Why the hell was there only one series of this? Such a great way to finish the series of Joe Dante's work since this has everything that is great about his work. Created in between Gremlins 2 and Matinee it feels like this was Joe Dante's golden era. I actually had seen the first episode about a family who keep themselves preserved in tuppleware before.

The leading role of Marshall is played by Omri Katz, who would go on to take the lead role in Matinee. However, real credit needs to be given to Justin Shenkarow who does a great job as his partner in crime, Simon. I was convinced that I'd seen Jason Marsden, who plays the mysterious Slash X towards the end of the series, in something before, but he actually mainly does voice work for cartoons and videogames (and appears to doing pretty well with that too).

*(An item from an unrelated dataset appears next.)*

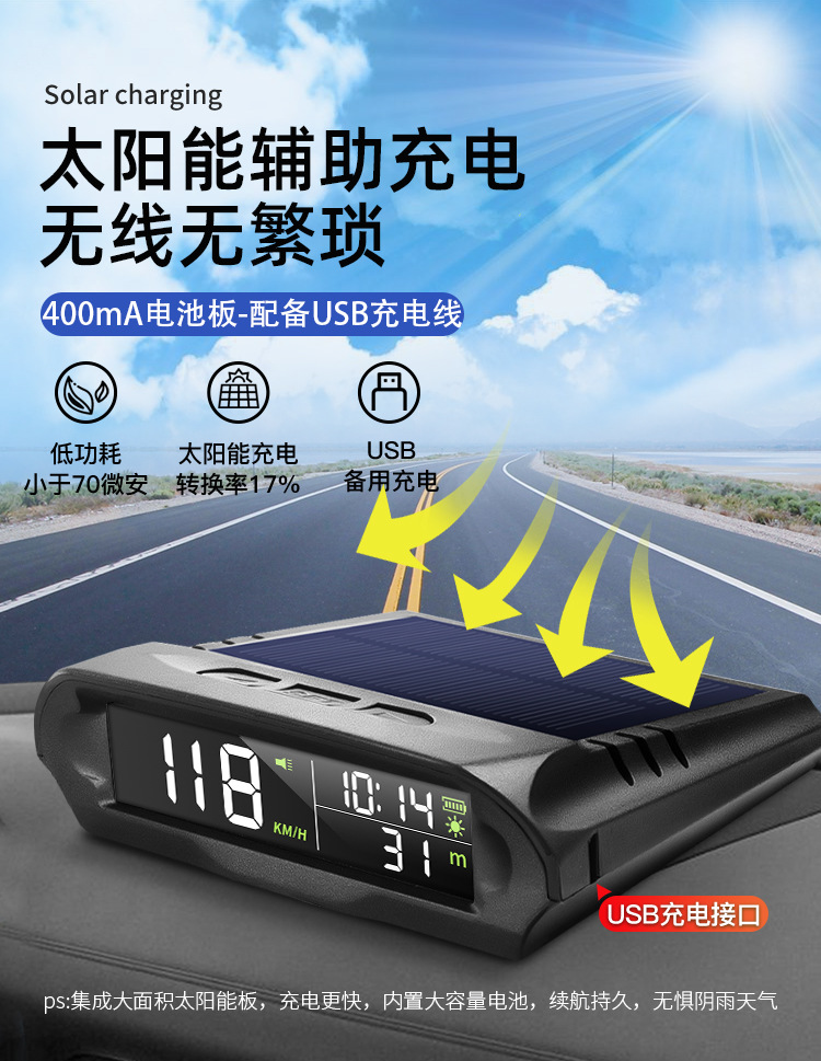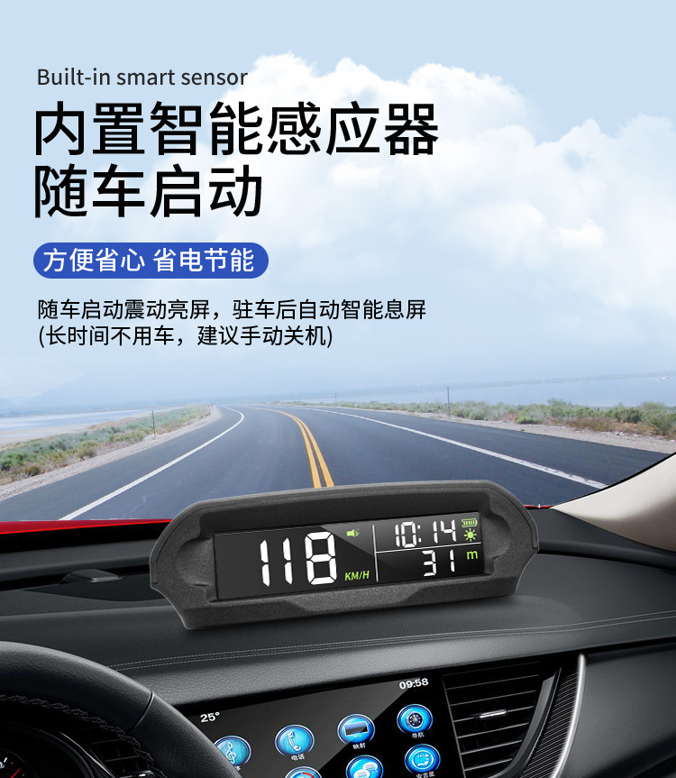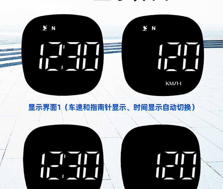 Автомобильный и мотоциклетный GPS-дисплей HUD с функцией Beidou: спидометр, часы, компас, одометр и навигационный проекционный дисплей.

Eerie Indiana is a comedy about a place that is supposed to be the most ordinary boring place in the world, yet Marshall and Simon discover it is actually the weirdest place on the planet. Bigfoot, Elvis and telepathic dogs are all fairly typical features. Each episode riffs on a new horror theme and sometimes references to classic horror movies are just randomly inserted into an episode. The whole thing feels like a cross between the randomness of Twilight Zone and the "kids solving stuff that adults miss" formula from Buffy. Essentially it's a pretty similar format to the first Buffy series (only Eerie Indiana came out more than 5 years earlier) and for absolutely no good reason, there's no second series of Eerie, so we have no idea if it would have progressed in a similarly successful way.

The series has way more hits than misses, it regularly had me laughing out loud and even though Dante only directed 5 episodes out of 19, it feels like he had his stamp on the entire project. (Heck, he even has an acting role in one of the episodes directed by someone else.)

If you love Joe Dante's work like I do, you really need to check this out.